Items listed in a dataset
▬▬▬▬▬▬▬▬▬▬

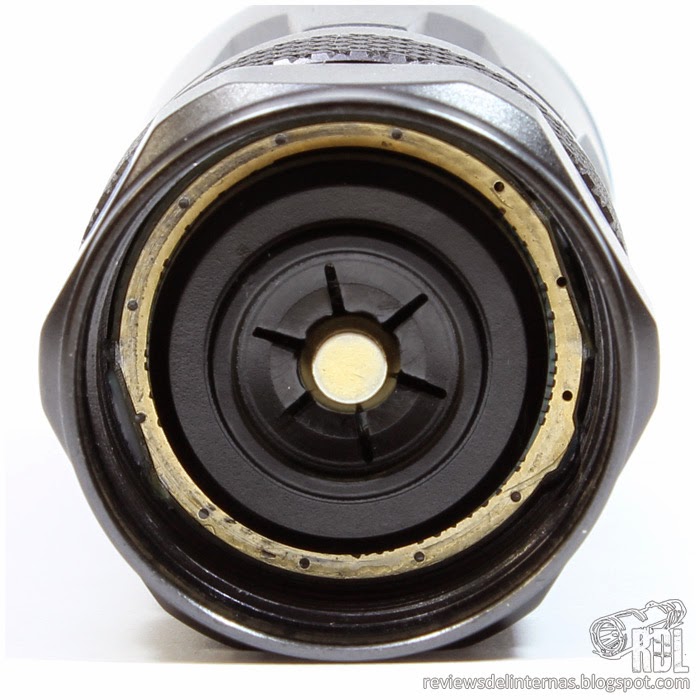 En el interior de la cabeza encontramos un mecanismo de protección contra la instalación de baterías con polaridad invertida, similar a escala al ya visto en otras Nitecore, prescindiendo de muelle en el contacto del polo positivo.
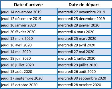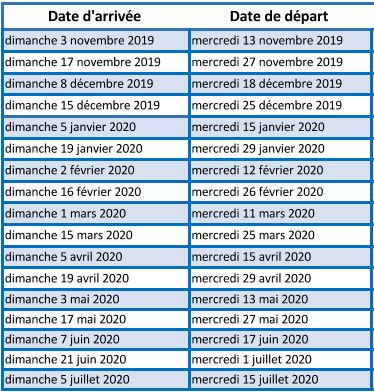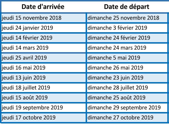 Le transfert départ du dernier jour ont lieu est regroupé et à lieu à 10.00, En dehors de cet horaire un supplément de +15 € est appliqué
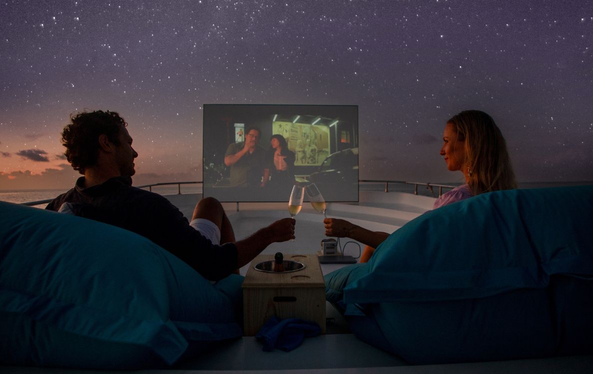 on the shore, perfectly timed with the full moon’s glow. For those seeking a castaway escape, the “Only Us” experience whisks couples away to a private sandbank, where sunset canapés and champagne set the mood. The “Cupid’s Secret Dinner” elevates private beachfront dining with the finest flavours, while the true jewel of the celebration is the “Floating Cinema” — a private movie night aboard a cruise, surrounded by the Maldivian horizon, paired with champagne and gourmet delights. The Ocean Spa has also curated a journey of “Romance & Renewal”, offering an intimate retreat for two where relaxation and reconnection blend together.
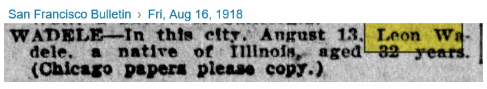only the years 1912 through 1917, and his obit in 1918. I only found
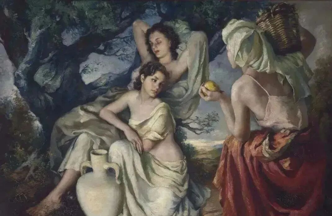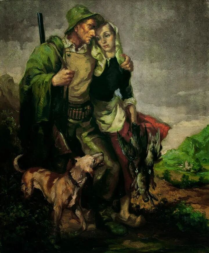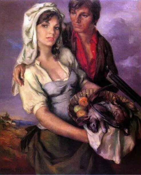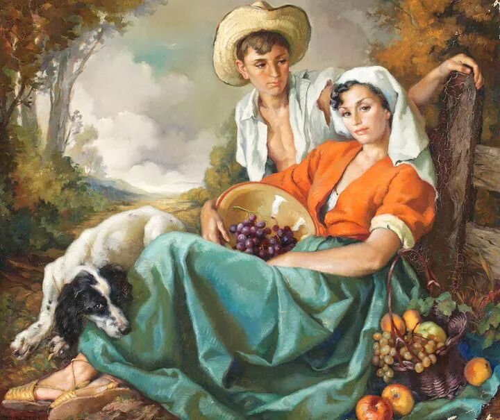 田园牧歌般的画面,浪漫而温馨!这对夫妻在果园里采摘了很多水果🥭,硕果累累,丰收的喜悦,心满意足的神态,还有一条忠诚的狗狗围绕着他们,此时此刻的幸福在画布上爆棚,也同样感染了观者!见到此画的人,一定也是一位幸运的人,因为好运会传染!
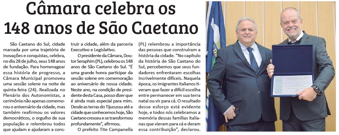 Câmara celebra os 148 anos de São Caetano
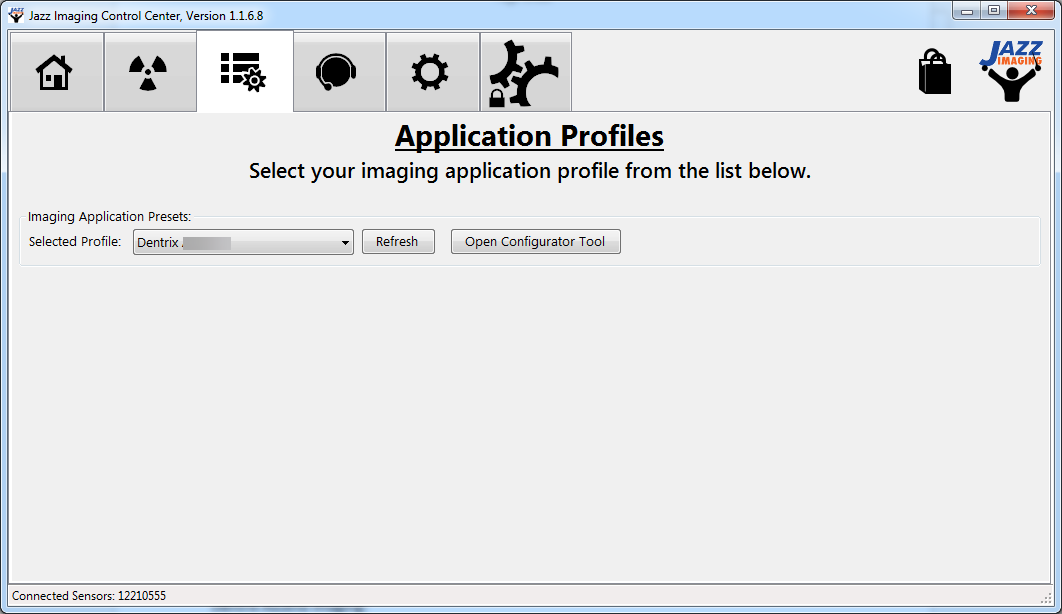 1. Open the Jazz Control Center and confirm that the sensor is connected to the computer.
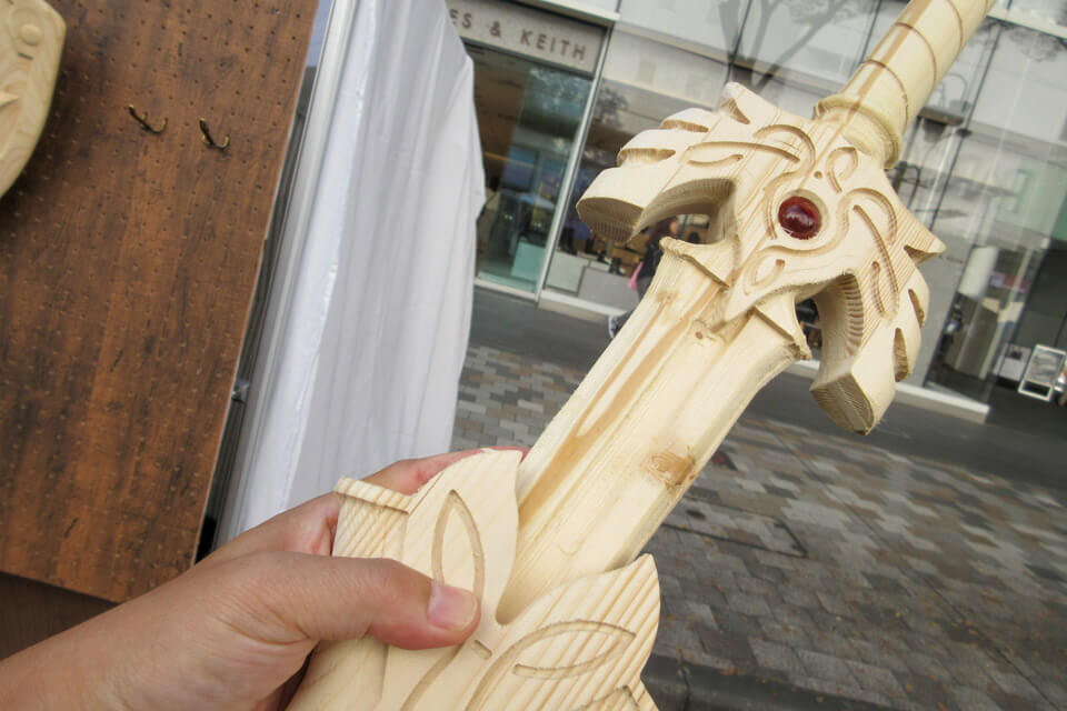 勇者の剣とか盾とかが木で作られてて、思わず剣を手に取ってみたんだ。木だからズシッとはしないのに、しっかりした作り。

▬▬▬▬▬▬▬▬▬▬

Activity: Each line between the one holding "on the shore, perfectly" and the one holding "1. Open the", inclusive, should be copied exactly as it appears above, and pictures should be omitted.

Result below:
 on the shore, perfectly timed with the full moon’s glow. For those seeking a castaway escape, the “Only Us” experience whisks couples away to a private sandbank, where sunset canapés and champagne set the mood. The “Cupid’s Secret Dinner” elevates private beachfront dining with the finest flavours, while the true jewel of the celebration is the “Floating Cinema” — a private movie night aboard a cruise, surrounded by the Maldivian horizon, paired with champagne and gourmet delights. The Ocean Spa has also curated a journey of “Romance & Renewal”, offering an intimate retreat for two where relaxation and reconnection blend together.
only the years 1912 through 1917, and his obit in 1918. I only found
 田园牧歌般的画面,浪漫而温馨!这对夫妻在果园里采摘了很多水果🥭,硕果累累,丰收的喜悦,心满意足的神态,还有一条忠诚的狗狗围绕着他们,此时此刻的幸福在画布上爆棚,也同样感染了观者!见到此画的人,一定也是一位幸运的人,因为好运会传染!
 Câmara celebra os 148 anos de São Caetano
 1. Open the Jazz Control Center and confirm that the sensor is connected to the computer.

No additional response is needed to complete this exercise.